▶ **Excerpts from a dataset**:
○ ○ ○ ○

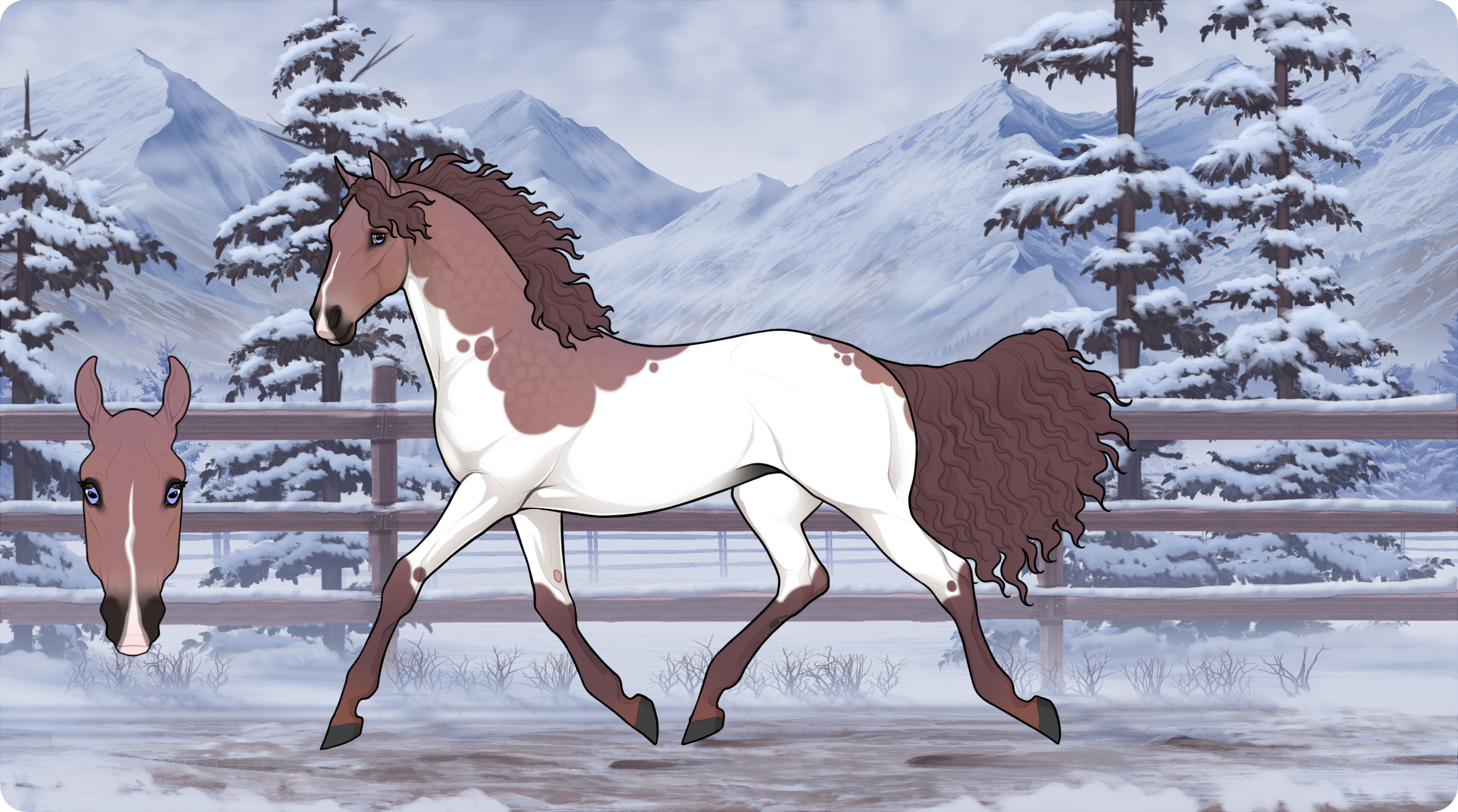 Hooded Verbena Overo (Carries Silver, Rapunzel) + Wulf
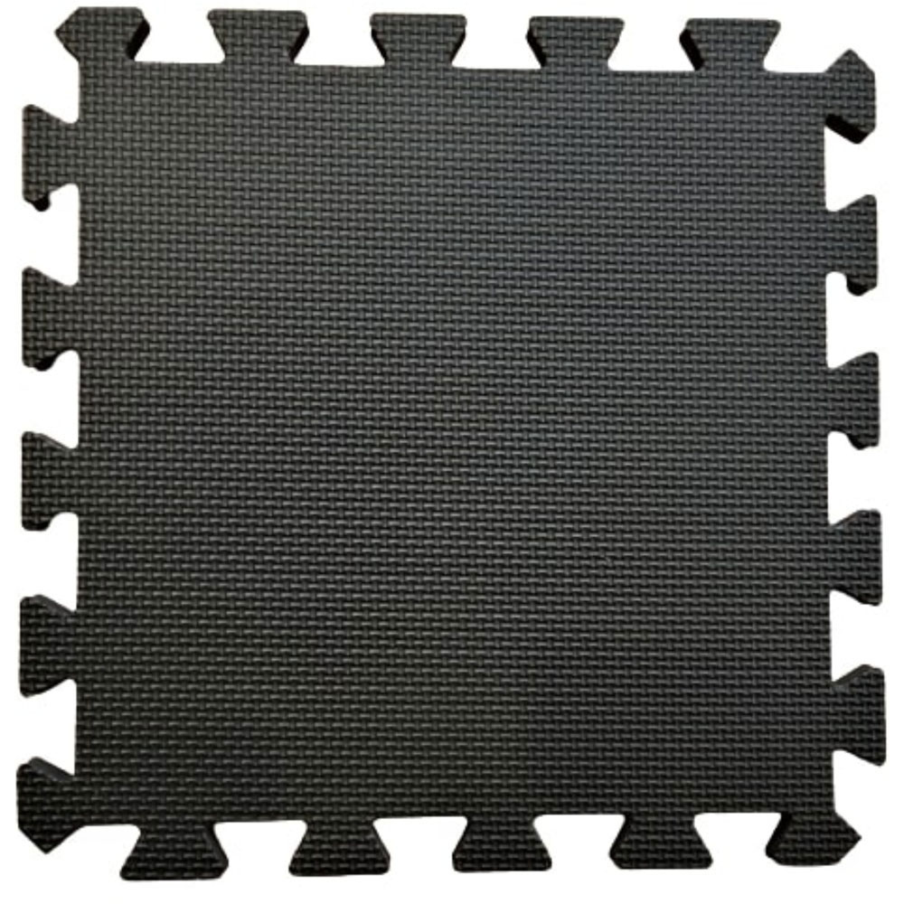 The Warm Floor Interlocking Floor Tile from Swift Foundation is an ideal floor tiling kit for garden buildings, suitable for use in playhouses, sheds, cabins and workshops. This kit provides a warm and comfortable surface to stand, work or play. Finished in black, the tile features a woven effect top surface and smooth underside to provide insulation and an anti-fatigue floor covering for sheds and workshops. The tile is made from tough ethylene vinyl acetate EVA foam making them slip-resistant, tear-resistant, and impact-resistant while offering good insulation against heat loss as well as compression recovery. Each tile measures 300 x 300 x 12mm thick and comes complete with detachable edging strips and a straight edge to help with trimming tiles to fit. Non-toxic, the tile does not include heavy metals, phenols, chlorides, latex or ammonia, and meets BS EN 7188 slip resistance classification and fire classification BFL-S1. Compliant with EN71-1, EN71-2 and EN71-3. Size: 10 x 7ft.
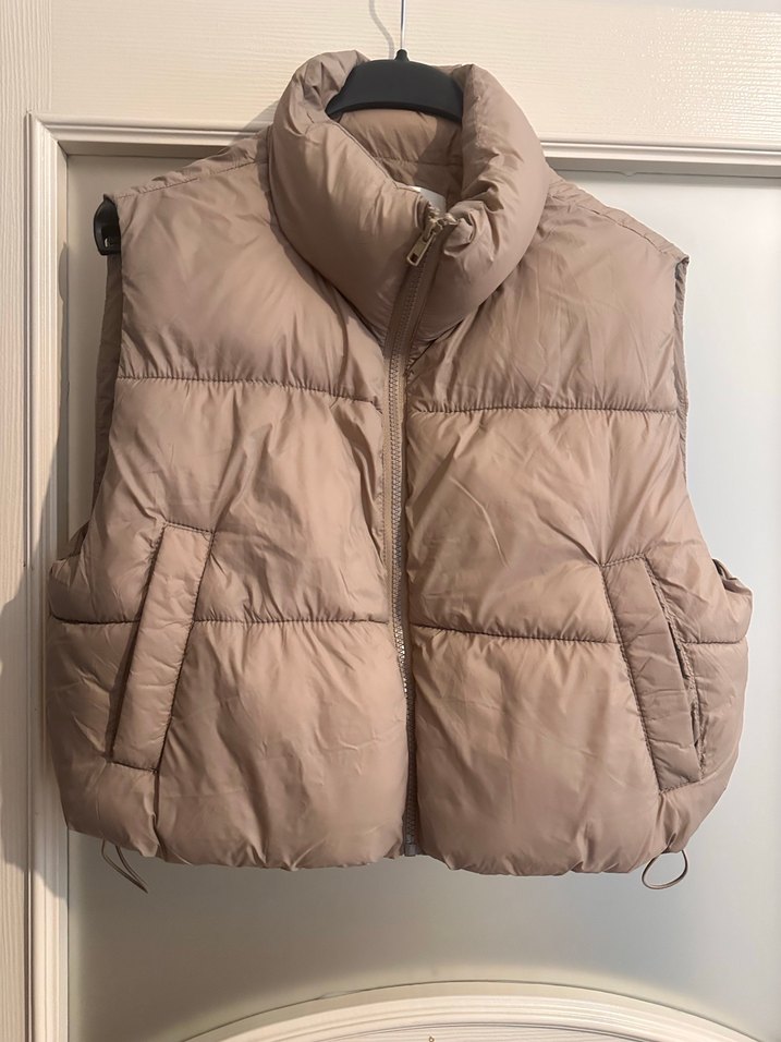 Yüksek yakalı, fermuarlı, bej renkte, bol kesim ve yumuşak dokulu kolsuz kadın yelek. Rahat günlük kullanım için uygundur.
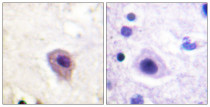 Immunohistochemistry: Paraffin-embedded Human brain tissue stained with ARG66781 anti-DPYSL2 / CRMP2 phospho (Thr514) antibody. The picture on the right is blocked with the phospho peptide.
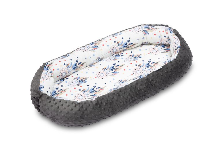 El nido para bebé de Sensillo con precioso diseño de Atrapasueños está diseñado para infantes desde su nacimiento hasta los 6 meses. Está equipado con prácticos botones a presión para facilitar el atado de los lados. La superficie media consiste en un colchón extraíble hecho de espuma PU. La cubierta exterior está hecha de tela de algodón 100% delicado en el interior y tela Minky suave en las partes exteriores del nido. Se incluye una bolsa de viaje para facilitar su transporte.
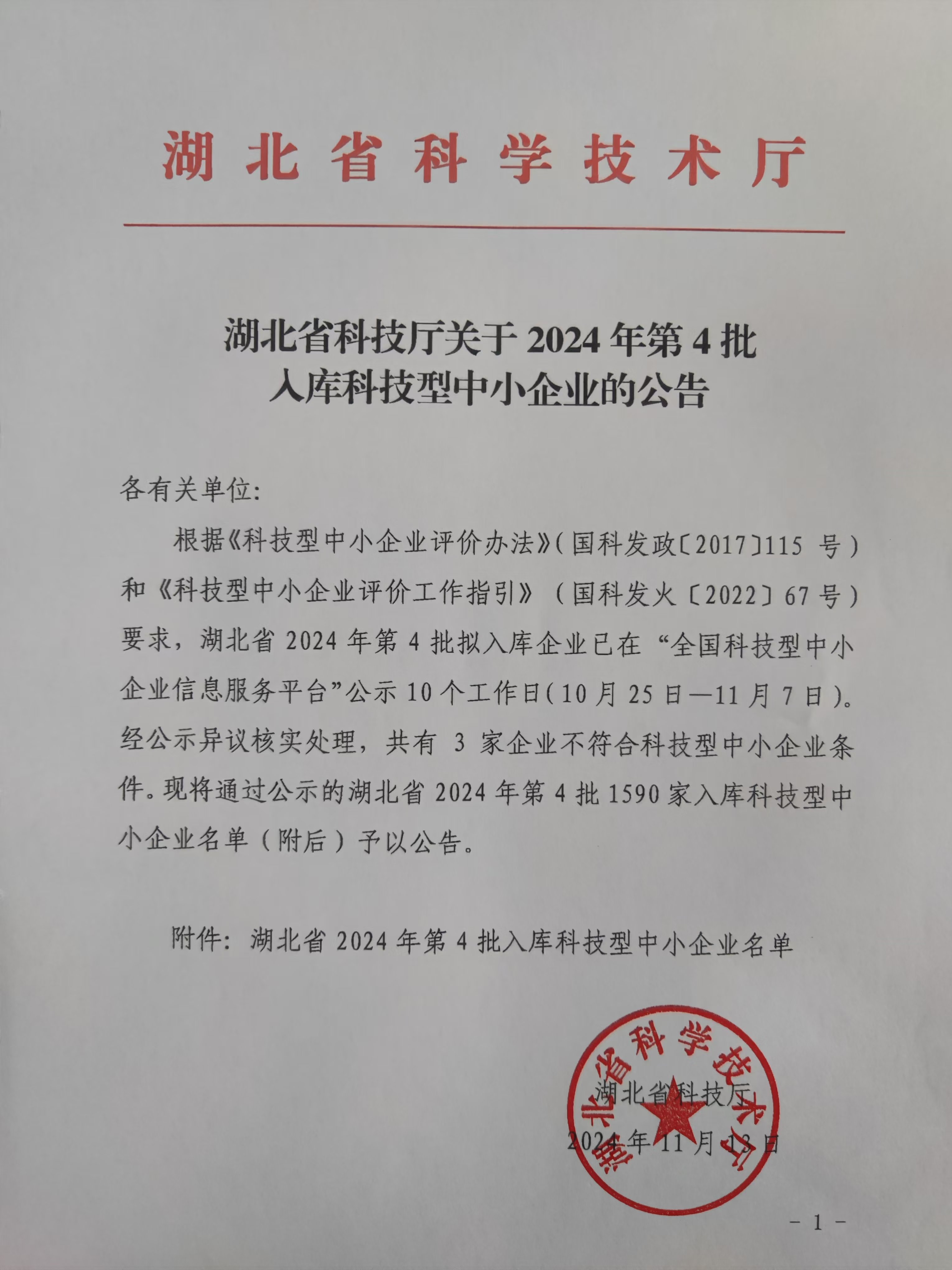 湖北省2024年第4批入库科技型中小企业名单公告正文.jpg PICTURE
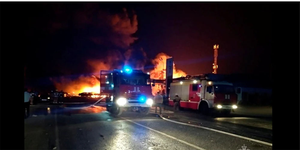 बीबीसीका अनुसार माखचकलामा रहेको पेट्रोल पम्पमा सोमबार राति उक्त दुर्घटना भएको हो। अग्नि नियन्त्रण कार्यालयका साथै सुरक्षा निकायको सहयोगमा आगो पूर्ण रुपमा निभाइएको छ।
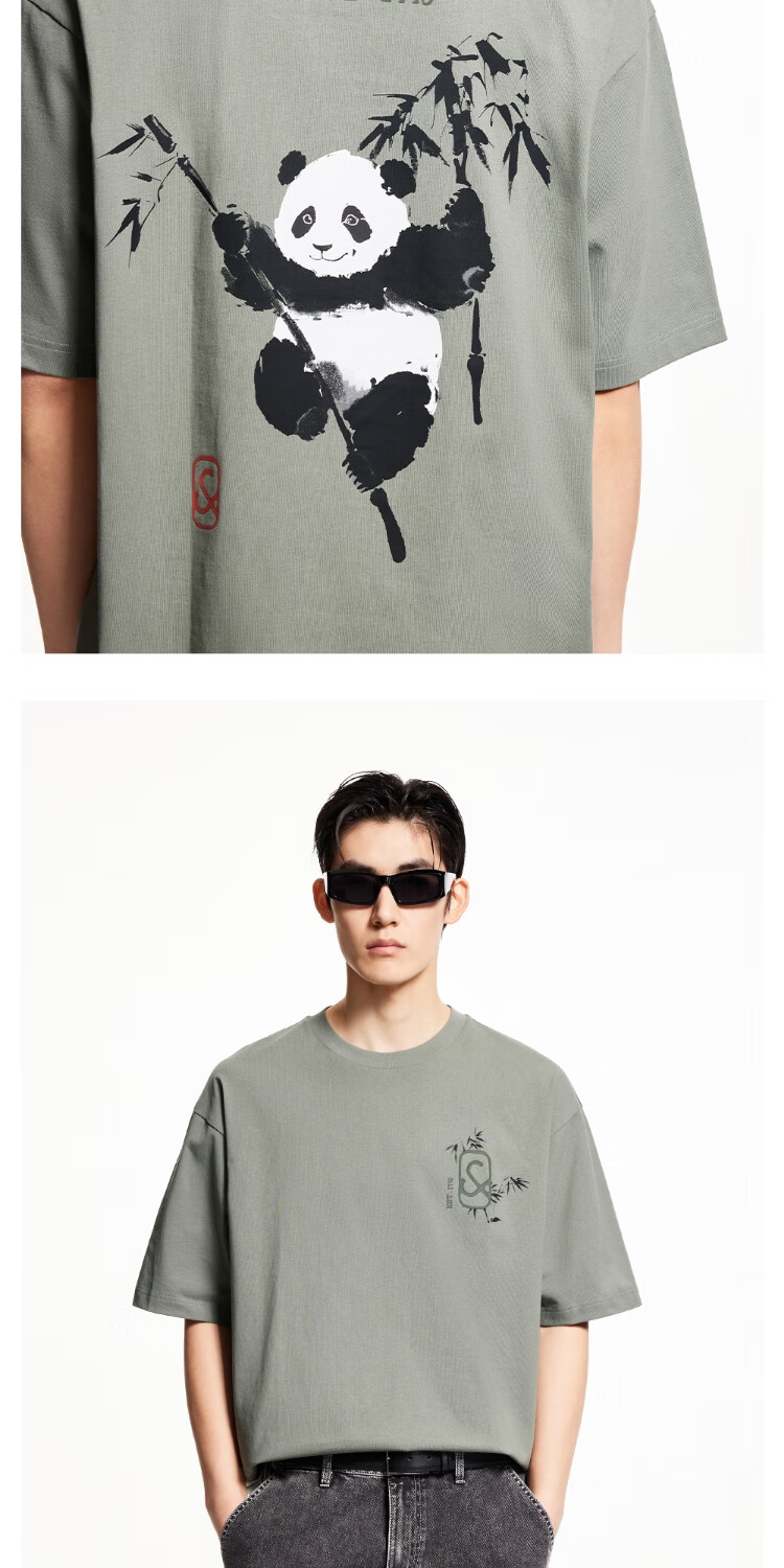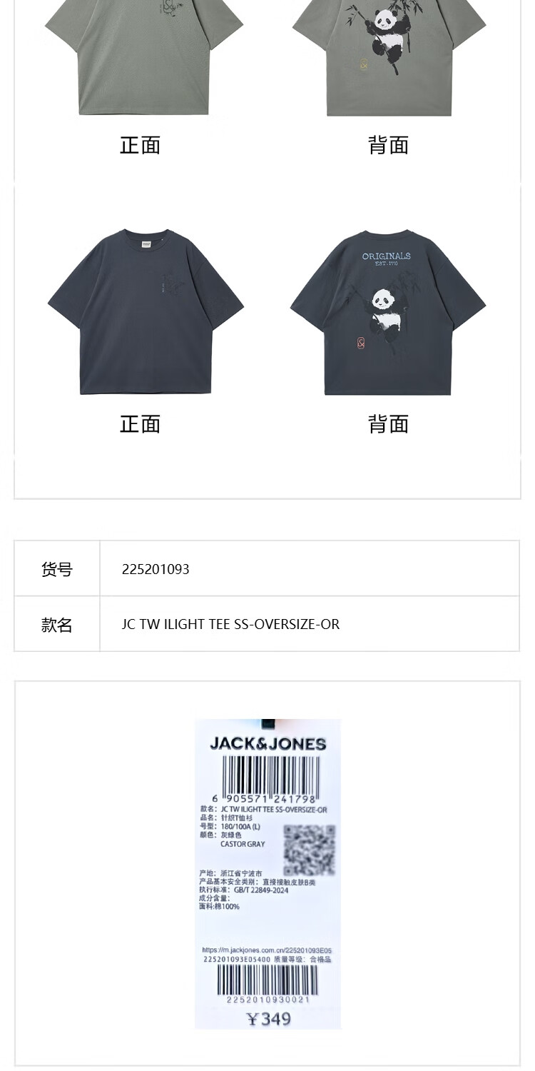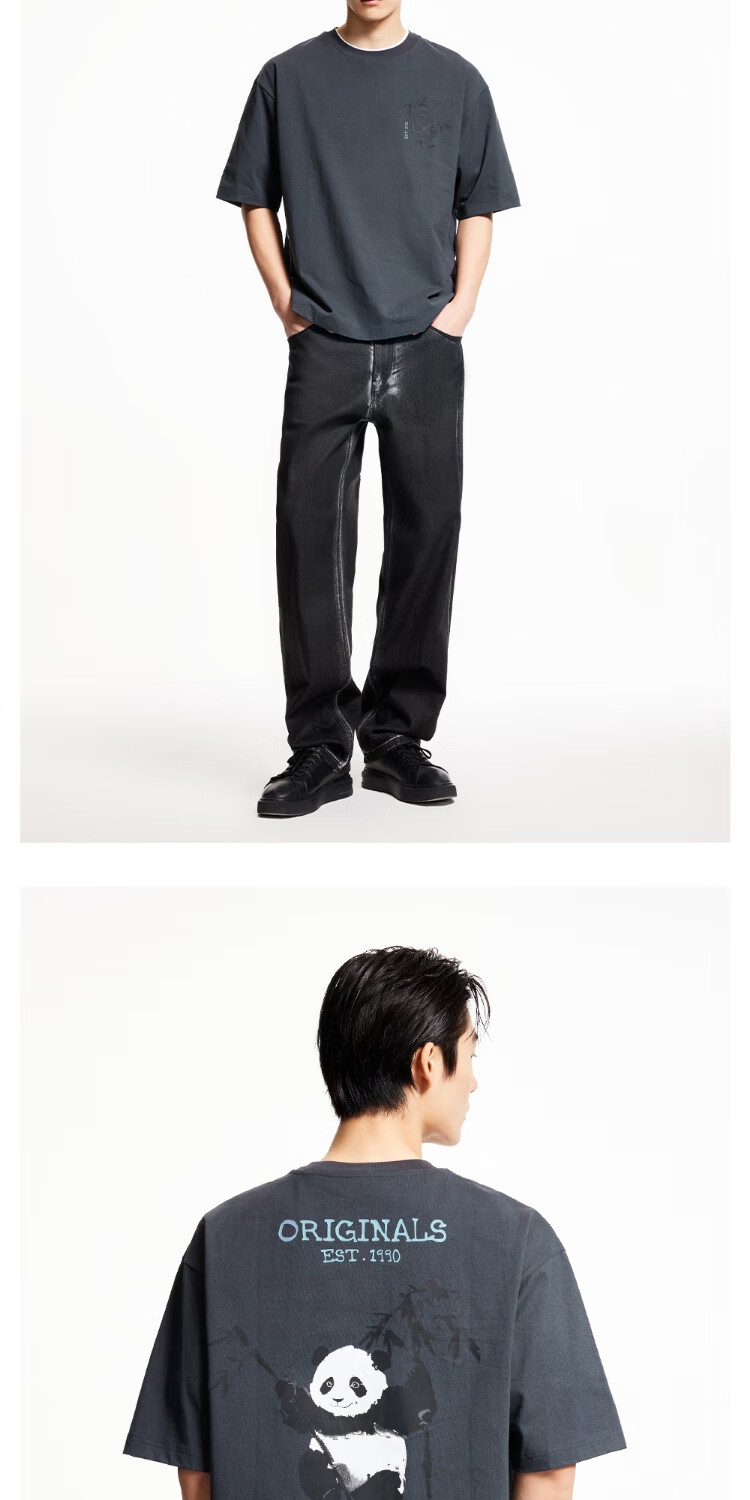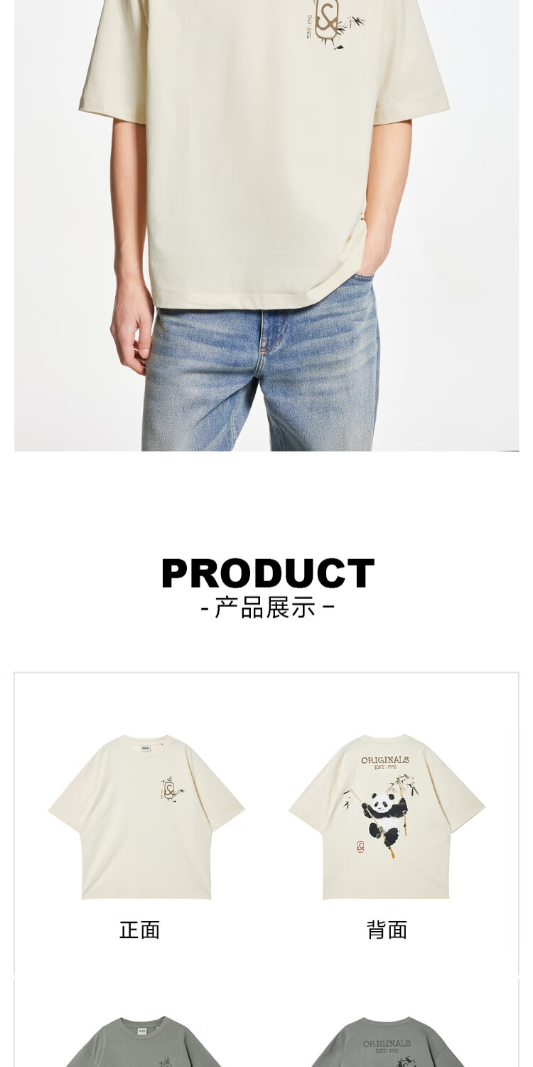 杰克·琼斯(JACK&JONES) 百搭潮流胸前肌理感胶印背后熊猫图案T恤短袖上衣男装225201093

○ ○ ○ ○

Would you please copy, exactly and only, the lines from the one with "El nido para" through the end of the entries above, skipping every picture?

 El nido para bebé de Sensillo con precioso diseño de Atrapasueños está diseñado para infantes desde su nacimiento hasta los 6 meses. Está equipado con prácticos botones a presión para facilitar el atado de los lados. La superficie media consiste en un colchón extraíble hecho de espuma PU. La cubierta exterior está hecha de tela de algodón 100% delicado en el interior y tela Minky suave en las partes exteriores del nido. Se incluye una bolsa de viaje para facilitar su transporte.
 湖北省2024年第4批入库科技型中小企业名单公告正文.jpg PICTURE
 बीबीसीका अनुसार माखचकलामा रहेको पेट्रोल पम्पमा सोमबार राति उक्त दुर्घटना भएको हो। अग्नि नियन्त्रण कार्यालयका साथै सुरक्षा निकायको सहयोगमा आगो पूर्ण रुपमा निभाइएको छ।
 杰克·琼斯(JACK&JONES) 百搭潮流胸前肌理感胶印背后熊猫图案T恤短袖上衣男装225201093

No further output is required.